Published online by Cambridge University Press: 07 September 2010
King Lear, in which Shakespeare takes up and transcends the various images of justice, mercy and false-seeming which he had previously created, and fuses them into a whole of new and terrible beauty, has two early precursors of considerable interest. Titus Andronicus, offers an unusually vivid example of the long incubation which a thought may undergo in a poet's mind. Titus, like Lear, is an old man driven mad by the loss of his all, yet retaining in madness a clear knowledge of his own wrongs and of their perpetrators. Like Lear he has begun his own undoing by driving from him his child, Mutius, whom he unjustly kills and by trusting in the specious words of his enemies to whom he surrenders the realm of which he could have been chosen emperor. Having given them everything he is driven to madness, finally dying himself and killing the beautiful and virtuous daughter whom he loves.

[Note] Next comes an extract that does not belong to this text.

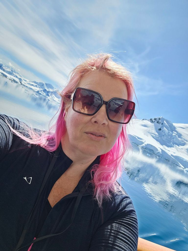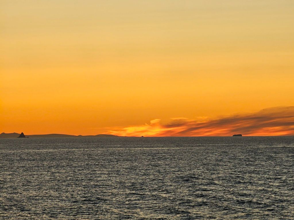 After a full day outside, my lips are burnt, and my face has a little colour from the very strong sun. There is a huge difference between the sunny side and the shaded areas of the boat. Layers are essential.

Lastly, as Lear does, Titus seeks from heaven the justice denied him on earth. In a grotesque but tragic scene he addresses petitions to the gods, sending to Pluto by messenger and dispatching the other petitions by shooting them skyward on arrows. The first message is to Pluto.
Tell him, it is for justice and for aid,
And that it comes from old Andronicus.
IV, III, 15–16Publius brings answer:
Pluto sends you word,
If you will have Revenge from hell, you shall:
Marry, for Justice, she is so employ'd,
He thinks, with Jove in heaven, or somewhere else,
So that perforce you must needs stay a time.